He was just one Pinkham in the massive city of well over a million people, but he had the heart of a lion tamer. Alone in the enormous city, he pushed himself every day to distribute flyers about the medicine to apartment doors throughout Brooklyn and talking up the drugstore owners and drug wholesalers, trying to make them believe that women were clamoring for Lydia E. Pinkham’s Vegetable Compound. He bought a map of Brooklyn, studied it to lay out the routes he would take through neighborhoods of Irish, Dutch, and others, then distributed pamphlets with a speed and thoroughness that would have made Johnny Appleseed jealous. His letters to Will back in Lynn resounded with repeated determination that New York was the place and the means for them to succeed or fail, “I think we had better continue to advertise in this locality [Brooklyn] till we either get it general, get rich or bust. … When [the medicine] becomes general in NY our fortune is made.”

Focusing all of his thoughts and energies on growing the business, Dan dreamed up some big ideas to improve sales and he peppered his letters to the family back home with his frequent brainstorms, like writing notes on small cards, as if from a satisfied customer, and leave them in parks and cemeteries (noting, “there all such frauds as that”); adding “kidney complaints,” to the list of problems the medicine would cure; having the Pinkham trademark picture include some New England scenery “with a humble cottage”; lowering the price, and several more. As he explained to the family back home, they had to approach this business venture with boldness, “There is no use doing business unless we do a devil of a business.” The equivalent phrase in today's parlance would be: “Go big or go home.”

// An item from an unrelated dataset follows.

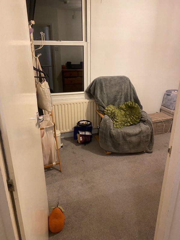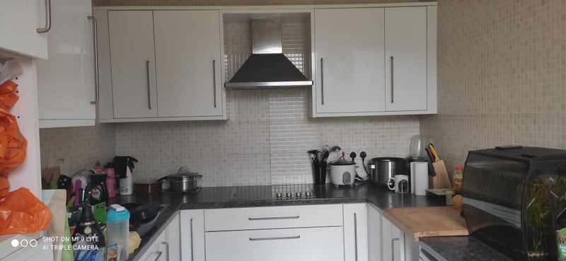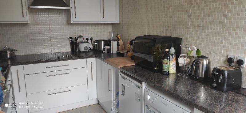 1 double sized room in Redhill, double walk in wardrobe, chest of drawers, etc. New carpet. This is a very well equipped flat in Redhill. Walking distance to station buses etc. Comfortable lounge, completely equipped modern kitchen with dishwasher, washer/dryer. electric oven, and Microwave. Fire alarmed. Modern bathroom with shower and bath. Shared garden. Share with 3 friendly young professionals. street parking . Refs. required. Sorry no children, no pets. This flat is for a caring clean, friendly, non smoking professional. Walking distance to town and station, good rail and bus links.
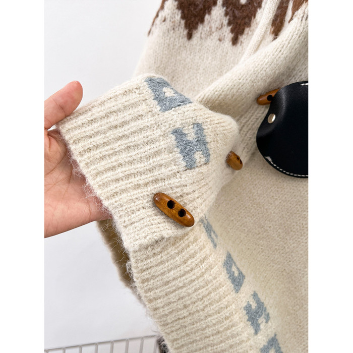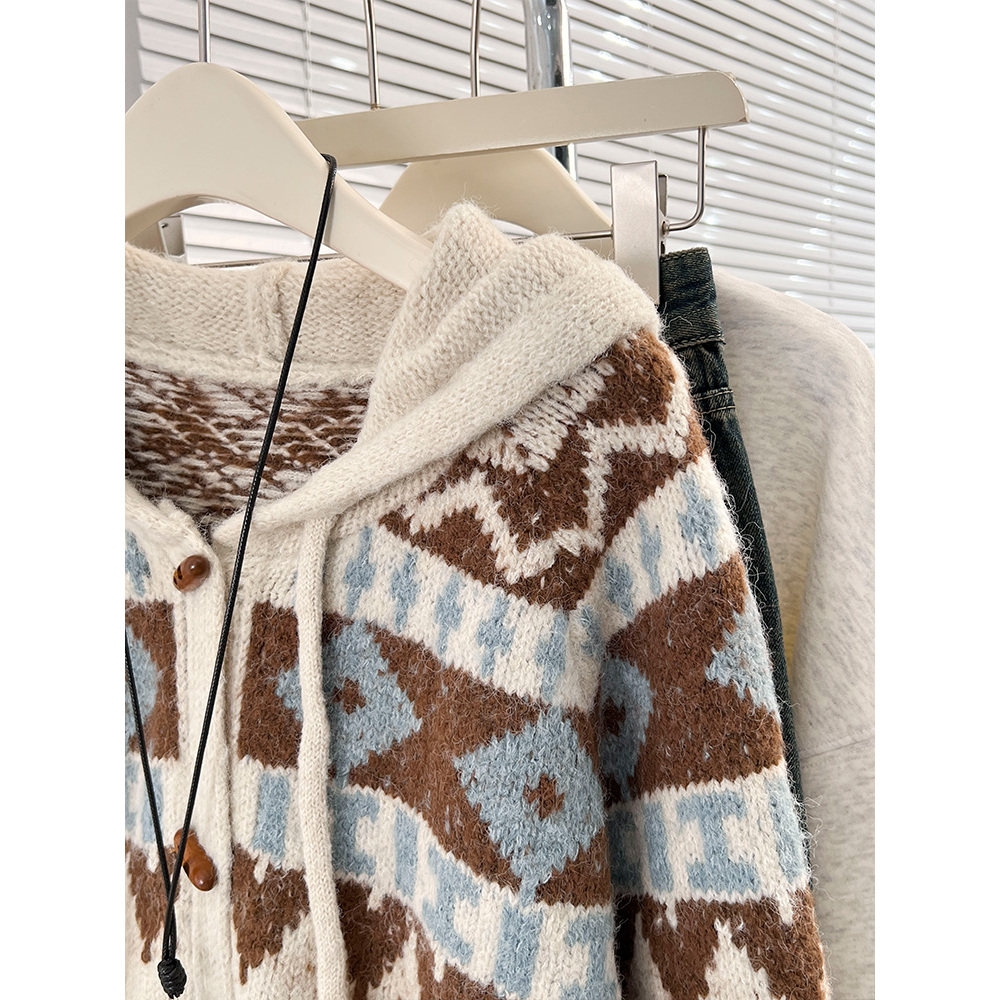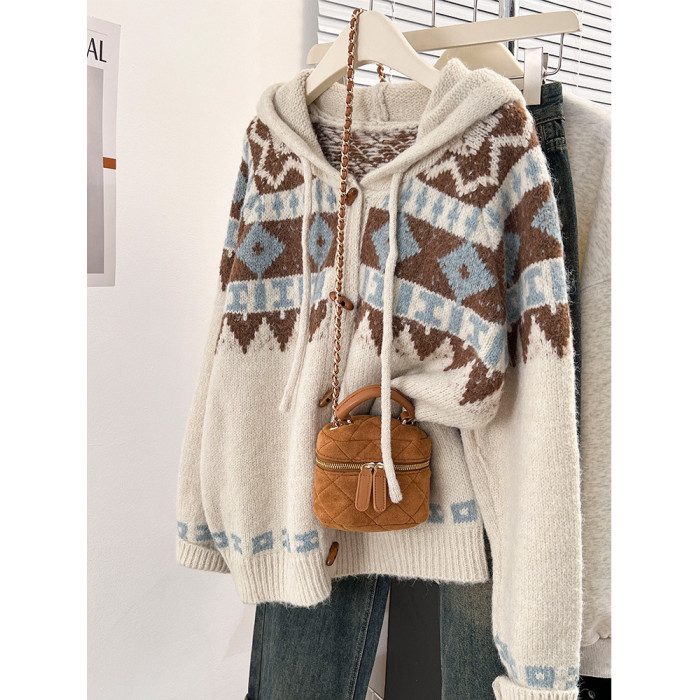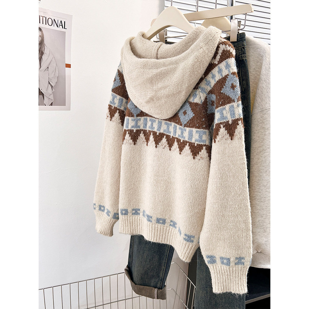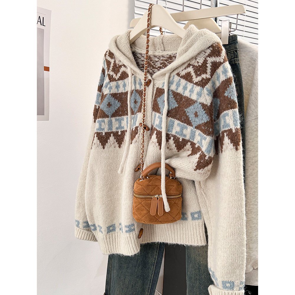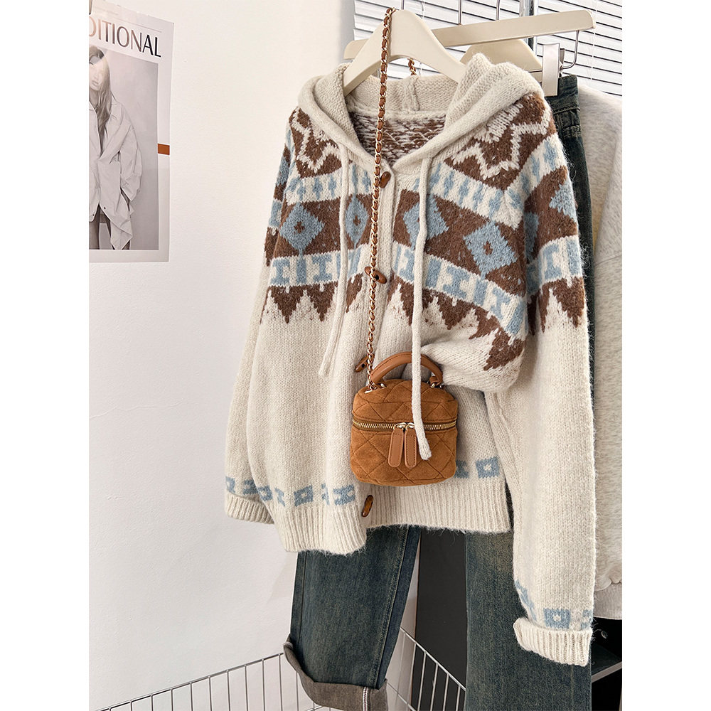 費爾島連帽毛衣外套開衫女秋冬復古外穿加厚寬松慵懶風針織衫上衣

photo courtesy: The Barbara Rusch Collection
photo courtesy: The Barbara Rusch Collection
In a way, Dan’s vision for the family’s medicine business was like the bridge he watched getting built over the East river from Brooklyn to Manhattan – both were grand, the stuff dreams were made of – colossal ventures that seemed impossible to everyone but those building the dream. When his busy schedule allowed, he caught glimpses of the project that was slowly becoming a bridge. By the time he had first arrived in Brooklyn, the two towers were already fixed the river like giant stone sentries that had been standing guard for a few years. Long cables were being draped between the towers and to the land beyond, and the bridge’s roadway was creeping along as well, looking from a distance like an absurdly long pirate ship plank. But it was a man-made wonder unlike anything the world had ever seen before – it would become the longest suspension bridge in the world. It was also a triumph mixed with tragedy, as at least 27 men died during its construction, falling from its terrible heights and being crushed by the pressure of its terrible depths below the river’s surface. Great achievements often come at the cost of tragic sacrifice. Dan Pinkham understood this all too well.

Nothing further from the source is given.